Effects of Age on Severity of Lesions

Aged animals had increased severity and incidence of the behavioral signs and histopathological signs of DNB intoxication. In animals exposed to DNB at 0, 4, with a 24-h period after the last dose to sacrifice, the oldest rats (18 months old) exhibited signs of intoxication including ataxia (8/9 rats) and chromodacryorrhea (i.e., pigmented ocular discharge indicative of stress, 9/9 rats); this group also exhibited moribund condition necessitating euthanasia (3/9 rats) (Table 1).

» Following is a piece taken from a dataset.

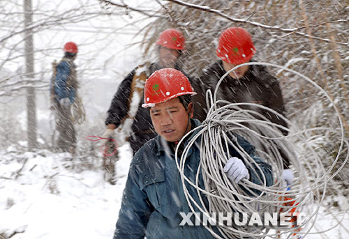 1月28日,宣城供電公司水東供電所員工冒著大雪搶修線路。 新華社發(fā)(李曉紅

No signs of intoxication were observed in the 1-month-old group, and only 2/7 of the 3 months old DNB exposed animals were ataxic (Table 1).

TABLE 1.

Conditions and Mortality Rates of Male F344 Rats Sacrificed 24 h After Last Exposure

Animal Age (months) Exposure Hunched Ataxia Chromodacryorrhea Mortality
1 VC 0% (0/6) 0% (0/6) 0% (0/6) 0% (0/6)
1 DNB 0% (0/6) 0% (0/6) 0% (0/6) 0% (0/6)
3 VC 0% (0/7) 0% (0/7) 0% (0/7) 0% (0/7)
3 DNB 42.8% (3/7) 28.5% (2/7) 0% (0/7) 0% (0/7)
18 VC 0% (0/7) 0% (0/7) 0% (0/7) 0% (0/7)
18 DNB 100% (9/9) 88.8% (8/9) 100% (9/9) 33.3% (3/9)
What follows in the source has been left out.